Stored data entries

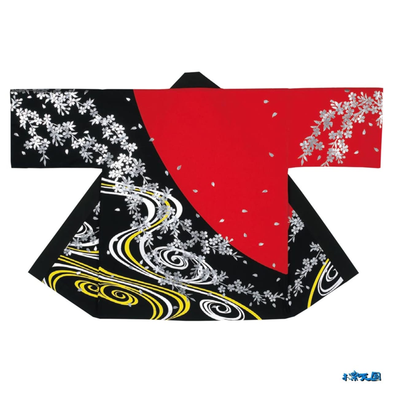 ブラックとレッド基調のはっぴです。裾にはデフォルメした波が描かれており、ソデから裾にかけては桜が描かれております。銀部分は箔プリントとなっており、まるで折り紙の銀のような光沢があります。箔プリントが全体に入ったはっぴは珍しく、豪華な仕上がりとなっております。
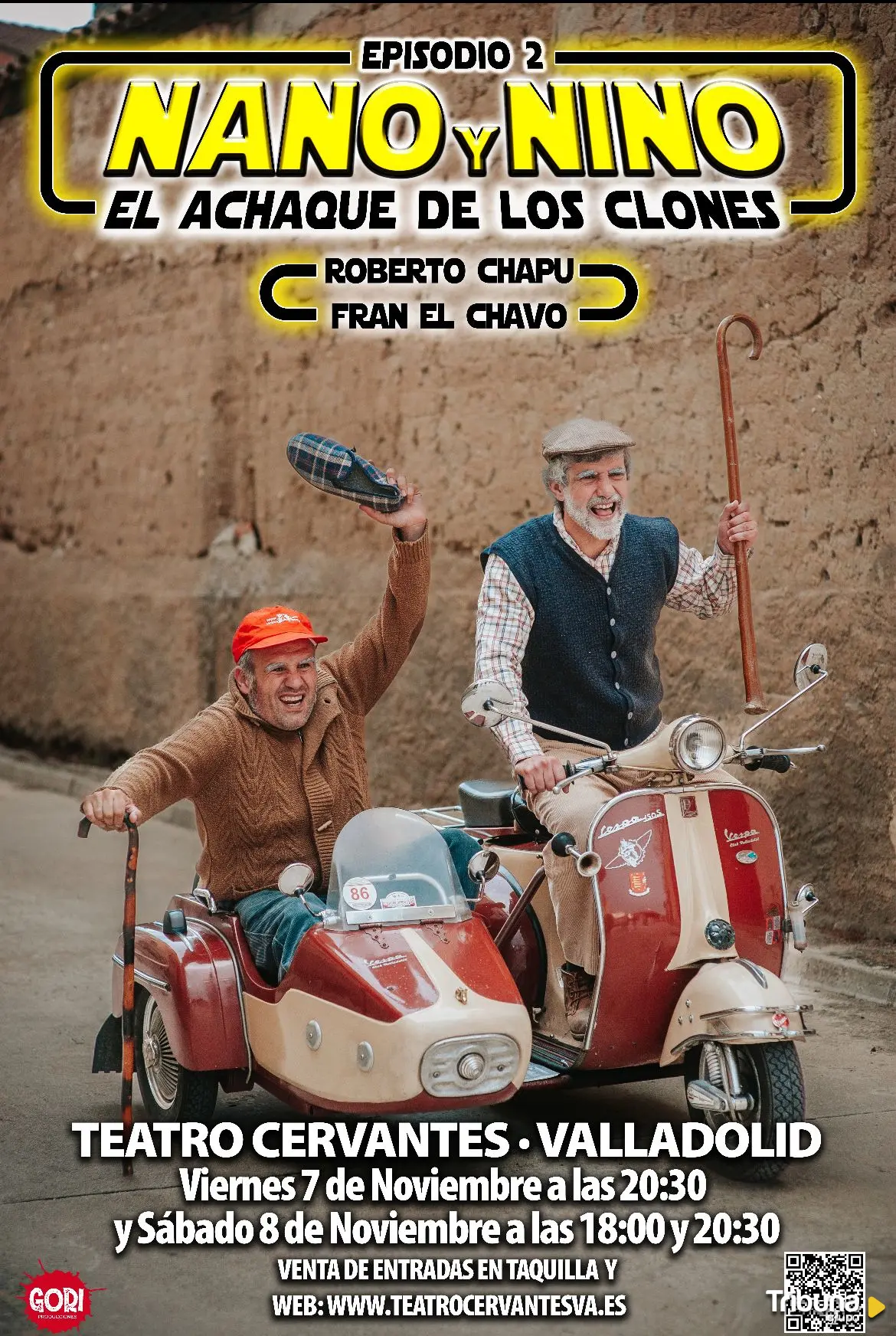 Los abuelos más divertidos, entrañables y cascarrabias vuelven a escena en Valladolid, en el Teatro Cervantes. Roberto 'Chapu' y Fran 'El Chavo' regresan con el segundo episodio de 'Nano y Nino: El achaque de los clones', una comedia que, combina el humor con la vida en soledad de los mayores en la España vaciada. Las funciones serán el próximo viernes 7, de noviembre, a las 20.30 horas y el sábado, 8 de noviembre, con dos pases, uno a las 18.00 horas y otro a las 20.30.
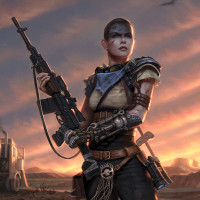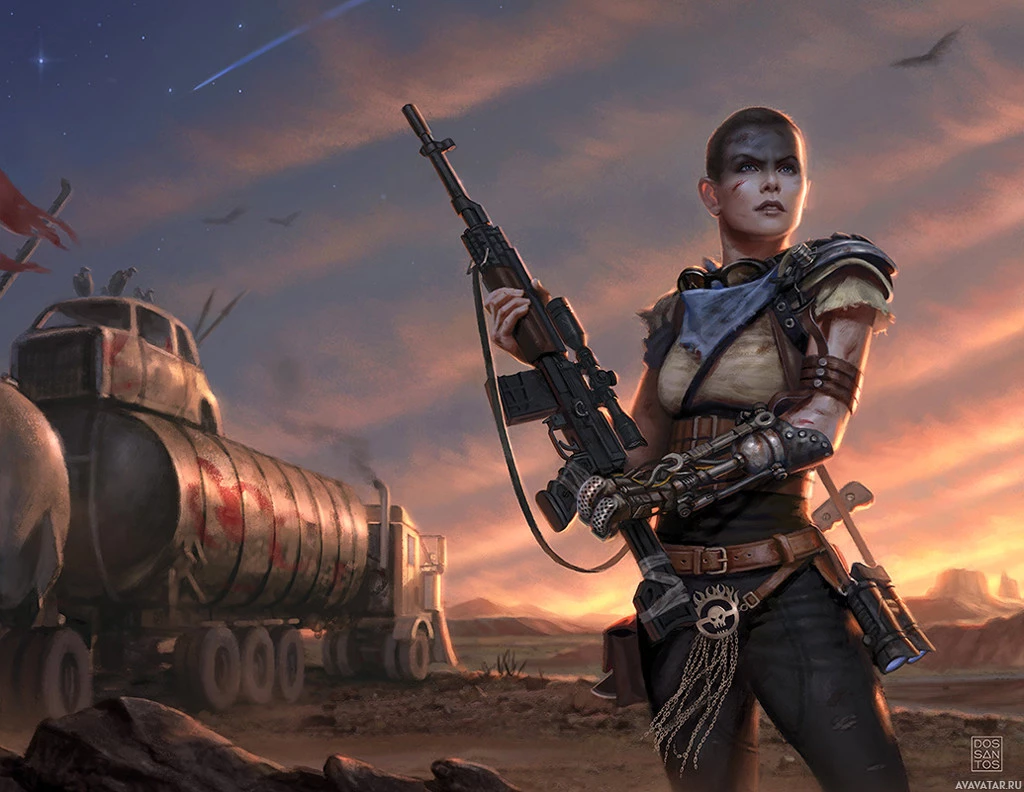 stripe pattern on it. Furiosa is holding a gun, which suggests she may be part of an action-
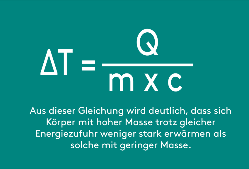 Alle Körper haben eine bestimmte thermische Trägheit oder Wärmekapazität. Neben dem Wärmekoeffizienten* (c) eines jeden Stoffes oder Stoffgemisches setzt sich der Grad der Umwandlung von Energie (Q) in Wärme (T) auch aus der Masse (m) eines Körpers zusammen. Aus der Gleichung wird deutlich, dass sich Körper mit hoher Masse trotz gleicher Energiezufuhr weniger stark erwärmen als solche mit geringer Masse.
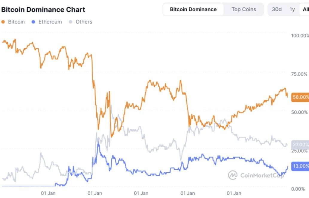 🧐 Lần đầu tiên sau một thời gian dài, sự thống trị của Bitcoin đang giảm và sự thống trị của Ethereum đang tăng. Chúng tôi cũng nhận thấy rằng sự thống trị của các altcoin khác đang cho thấy ít hoặc không có sự tăng trưởng.
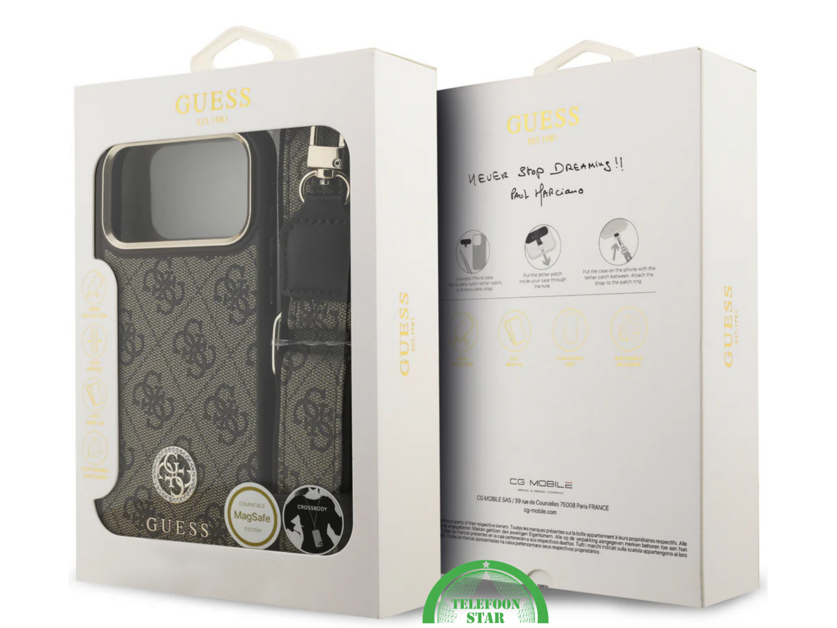 Het Guess iPhone 17 Pro Crossbody Hoesje in bruin design biedt een perfecte combinatie van mode, functionaliteit en veiligheid. Met zijn herkenbare 4G-monogramprint en goudkleurige afwerking straalt dit hoesje pure klasse uit. De verstelbare schouderband maakt het eenvoudig om je telefoon handsfree te dragen – ideaal voor dagelijks gebruik, winkelen of reizen.
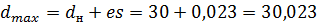 Предельные отклонения вала es= +23 мкм; ei= +2

* **WORK INSTRUCTION**
Restate it all word for word: every record, no pictures.

* **SOLUTION TO THE EXERCISE**
 ブラックとレッド基調のはっぴです。裾にはデフォルメした波が描かれており、ソデから裾にかけては桜が描かれております。銀部分は箔プリントとなっており、まるで折り紙の銀のような光沢があります。箔プリントが全体に入ったはっぴは珍しく、豪華な仕上がりとなっております。
 Los abuelos más divertidos, entrañables y cascarrabias vuelven a escena en Valladolid, en el Teatro Cervantes. Roberto 'Chapu' y Fran 'El Chavo' regresan con el segundo episodio de 'Nano y Nino: El achaque de los clones', una comedia que, combina el humor con la vida en soledad de los mayores en la España vaciada. Las funciones serán el próximo viernes 7, de noviembre, a las 20.30 horas y el sábado, 8 de noviembre, con dos pases, uno a las 18.00 horas y otro a las 20.30.
 stripe pattern on it. Furiosa is holding a gun, which suggests she may be part of an action-
 Alle Körper haben eine bestimmte thermische Trägheit oder Wärmekapazität. Neben dem Wärmekoeffizienten* (c) eines jeden Stoffes oder Stoffgemisches setzt sich der Grad der Umwandlung von Energie (Q) in Wärme (T) auch aus der Masse (m) eines Körpers zusammen. Aus der Gleichung wird deutlich, dass sich Körper mit hoher Masse trotz gleicher Energiezufuhr weniger stark erwärmen als solche mit geringer Masse.
 🧐 Lần đầu tiên sau một thời gian dài, sự thống trị của Bitcoin đang giảm và sự thống trị của Ethereum đang tăng. Chúng tôi cũng nhận thấy rằng sự thống trị của các altcoin khác đang cho thấy ít hoặc không có sự tăng trưởng.
 Het Guess iPhone 17 Pro Crossbody Hoesje in bruin design biedt een perfecte combinatie van mode, functionaliteit en veiligheid. Met zijn herkenbare 4G-monogramprint en goudkleurige afwerking straalt dit hoesje pure klasse uit. De verstelbare schouderband maakt het eenvoudig om je telefoon handsfree te dragen – ideaal voor dagelijks gebruik, winkelen of reizen.
 Предельные отклонения вала es= +23 мкм; ei= +2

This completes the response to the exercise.